Understanding the Cell Microprocessor

Name: Understanding the Cell Microprocessor
Item: Understanding the Cell Microprocessor
Author: Anand Lal Shimpi

by Anand Lal Shimpi on March 17, 2005 12:05 AM EST

Posted in
CPUs

70 Comments | Add A Comment

70 Comments

High Level Overview of Cell

Cell is just as much of a multi-core processor as the upcoming multi-core CPUs from AMD and Intel, the only difference being that Cell's architecture doesn't have an entirely homogeneous set of cores.

Cell's Execution Cores

The Cell architecture debuted in a configuration of 9 independent cores: one PowerPC Processing Element (PPE) and eight Synergistic Processing Elements (SPEs). The PPE and SPEs are obviously different, but all eight SPEs are identical to one another.

The PPE is IBM's major contribution to the Cell project; it also appears to be very similar to the core being used in the next Xbox console.

The PPE is a new core unlike any other PowerPC core made by IBM. The PPE is kept simple purposefully, although it has the base functionality of any modern day, general purpose microprocessor.
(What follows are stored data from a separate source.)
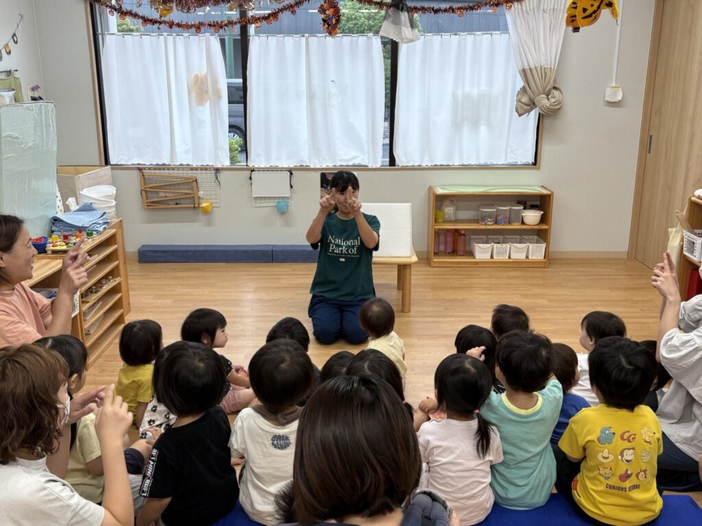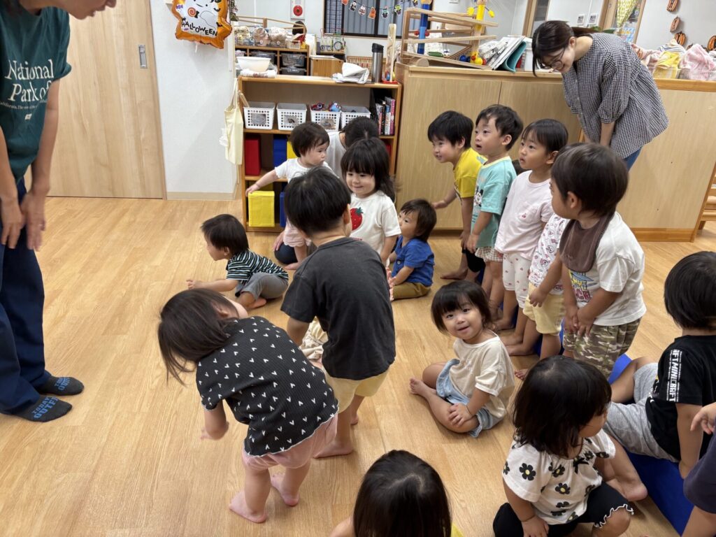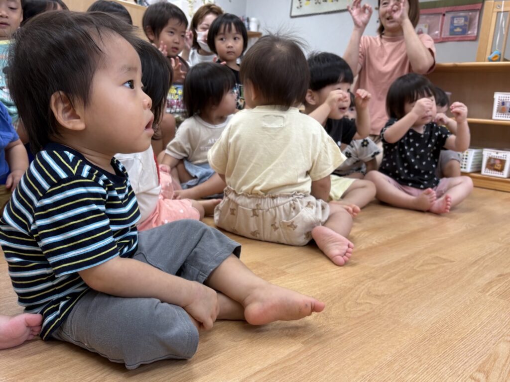 ちゅうりっぷ組のお部屋に集まり、「おべんとうばこのうた」の手遊びをしました。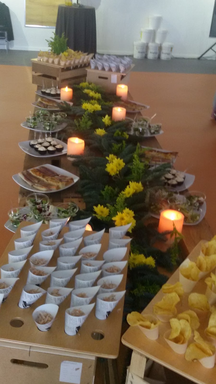 ¡Hola! ¿Que tal lleváis el comienzo de la navidad?, yo muy bien , con mucho trabajo jjjj. Desde que me propusieron llevar a cabo la celebración del cumpleaños de un chico muy internacional, mi cabeza no paro de pensar hasta que fue llevado a cabo tal proyecto. Graphenstone es una empresa joven y de mucho futuro, tan joven como su mentor y es por ello que quise hacer algo informal pero no dejando atrás la elegancia. Las instalaciones en la cual fue dicho evento, son parte de la industria y por ello elegimos para la mantelería y arreglos florales el amarillo y el gris, colores que identifican su firma. El crear una mesa de apoyo con palet no fue ni más ni menos que simbolizar donde estábamos (una fabrica de pinturas) y para la comida elegimos desde lo más nuestro de la mano de mi amigo Cesar Santos (cortador de jamón profesional) hasta lo más internacional como es el sushi , pasando por una variedad de fríos y calientes del cual se encargó el Catering Hnos. Lili. Y para endulzar tan bonito día, mi maravillosa pastelería familiar Sánchez.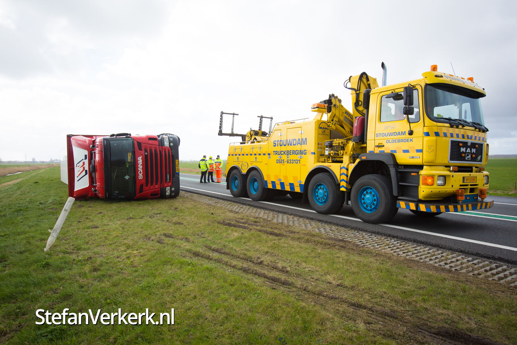 Foto's: Uitgestelde vrachtwagenberging N50 L 256,2 Kampen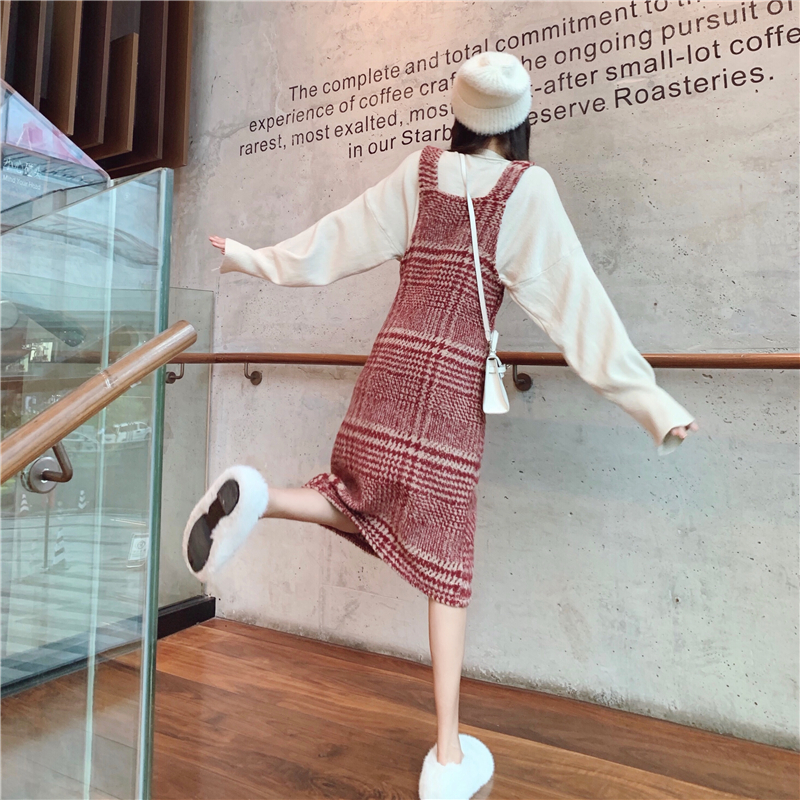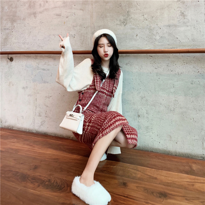 不要以為秋冬穿背帶裙會冷噢,毛呢的材質是很有質感的,穿起來暖暖的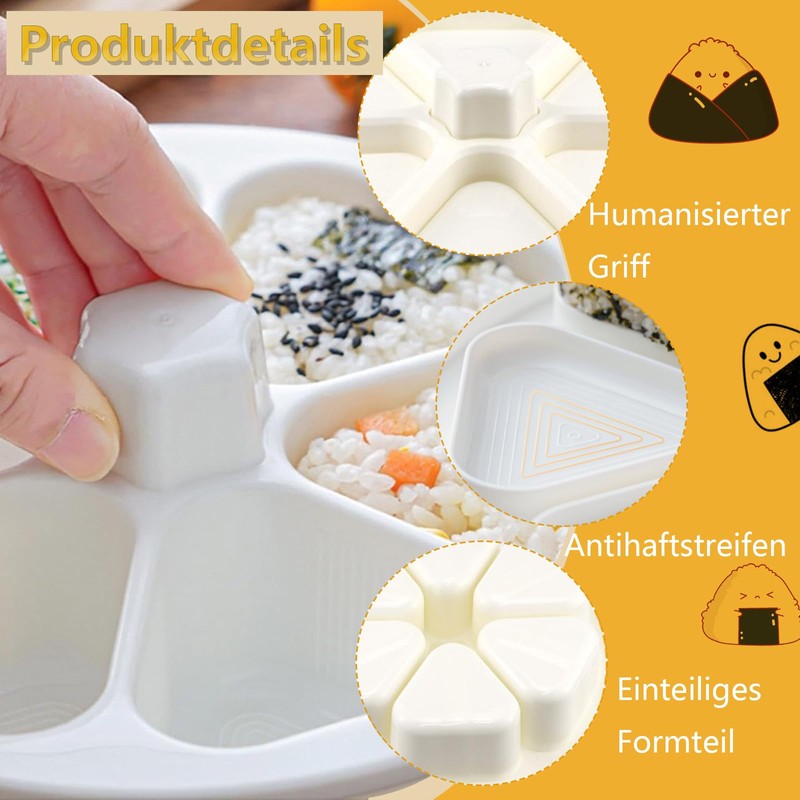 - Non-stick strip design: the rice ball sushi mold set features built-in strips with triangular protrusions at the bottom, making the rice balls less sticky, better shaped and not stick to your fingers

The role of the PPE in Cell is to handle the tasks that any general purpose microprocessor would run; basically, anything that you could run on your Athlon 64 would be run on the PPE.

The PPE features a 64KB L1 cache and a 512KB L2 cache and features SMT, similar to Intel's Hyper Threading. The PPE features a strictly in-order core, which the desktop x86 market hasn't seen since the death of the original Pentium (the Pentium Pro brought out-of-order execution to the x86 market), so the move for an in-order core is an interesting one. The PPE is also only a 2-issue core, meaning that, at best, it can execute two instructions simultaneously. For comparison, the Athlon 64 is a 3-issue core, so immediately, you get the sense that the PPE is a much simpler core than anything that we have on the desktop. IBM's VMX instruction set (aka Altivec) is also supported by the PPE. Much like the rest of the Cell processor, the PPE is designed to run at very high clock speeds.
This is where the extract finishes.